EXERCISE AIM |
An exact copy of the listing is required, with its pictures removed.

DATA SHOWN |
_ _ _ _ _ _ _

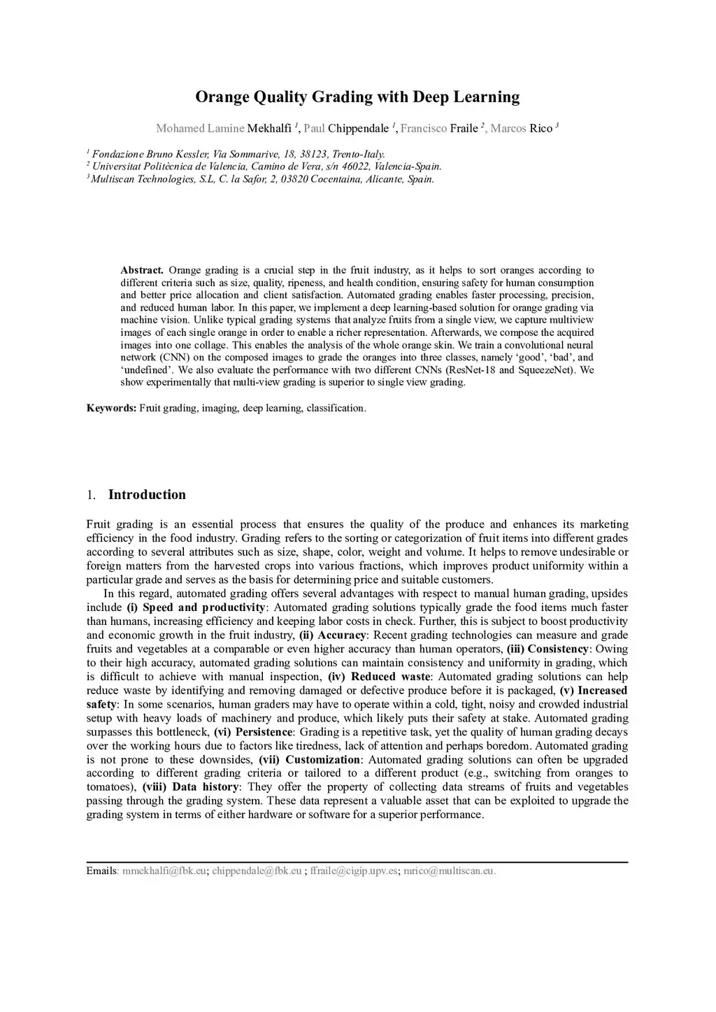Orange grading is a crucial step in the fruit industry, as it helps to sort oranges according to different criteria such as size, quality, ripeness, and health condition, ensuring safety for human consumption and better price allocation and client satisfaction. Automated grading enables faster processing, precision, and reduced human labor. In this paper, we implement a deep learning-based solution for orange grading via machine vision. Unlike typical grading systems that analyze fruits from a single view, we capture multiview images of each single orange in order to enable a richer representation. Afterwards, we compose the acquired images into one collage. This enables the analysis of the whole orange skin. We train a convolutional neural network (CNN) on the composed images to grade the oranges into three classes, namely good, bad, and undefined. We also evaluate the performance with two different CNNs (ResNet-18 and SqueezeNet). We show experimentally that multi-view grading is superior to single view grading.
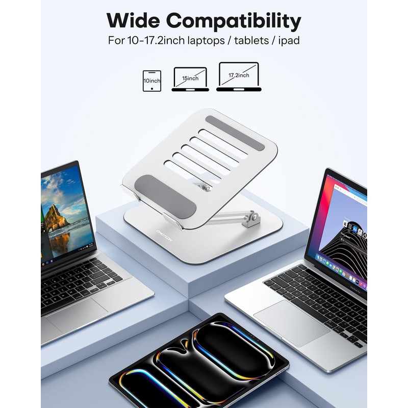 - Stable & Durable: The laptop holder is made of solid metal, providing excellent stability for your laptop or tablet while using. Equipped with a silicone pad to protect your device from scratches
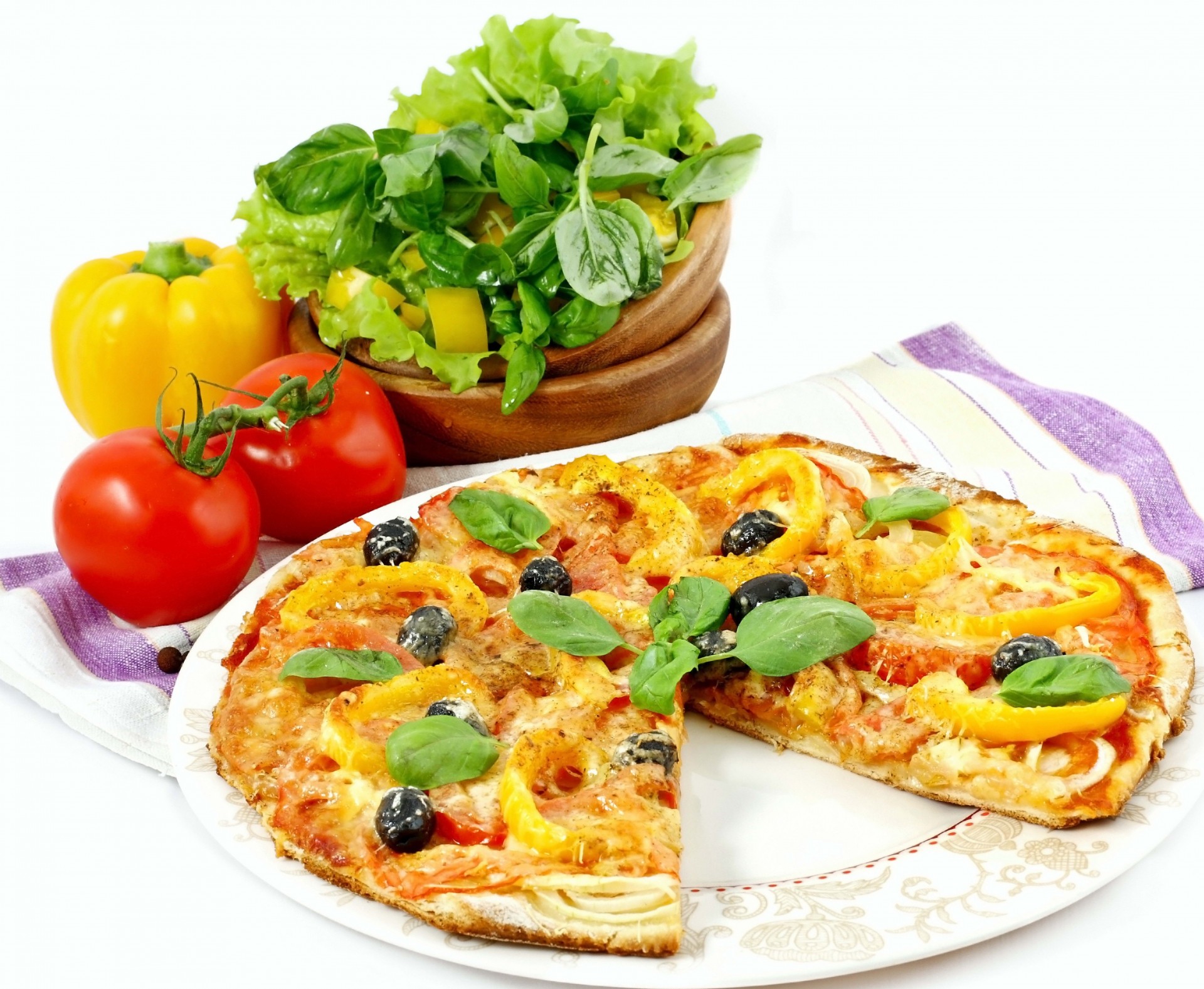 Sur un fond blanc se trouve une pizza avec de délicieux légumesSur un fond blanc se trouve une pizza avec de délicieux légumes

_ _ _ _ _ _ _

EXPECTED ANSWER |
Orange grading is a crucial step in the fruit industry, as it helps to sort oranges according to different criteria such as size, quality, ripeness, and health condition, ensuring safety for human consumption and better price allocation and client satisfaction. Automated grading enables faster processing, precision, and reduced human labor. In this paper, we implement a deep learning-based solution for orange grading via machine vision. Unlike typical grading systems that analyze fruits from a single view, we capture multiview images of each single orange in order to enable a richer representation. Afterwards, we compose the acquired images into one collage. This enables the analysis of the whole orange skin. We train a convolutional neural network (CNN) on the composed images to grade the oranges into three classes, namely good, bad, and undefined. We also evaluate the performance with two different CNNs (ResNet-18 and SqueezeNet). We show experimentally that multi-view grading is superior to single view grading.
 - Stable & Durable: The laptop holder is made of solid metal, providing excellent stability for your laptop or tablet while using. Equipped with a silicone pad to protect your device from scratches
 Sur un fond blanc se trouve une pizza avec de délicieux légumesSur un fond blanc se trouve une pizza avec de délicieux légumes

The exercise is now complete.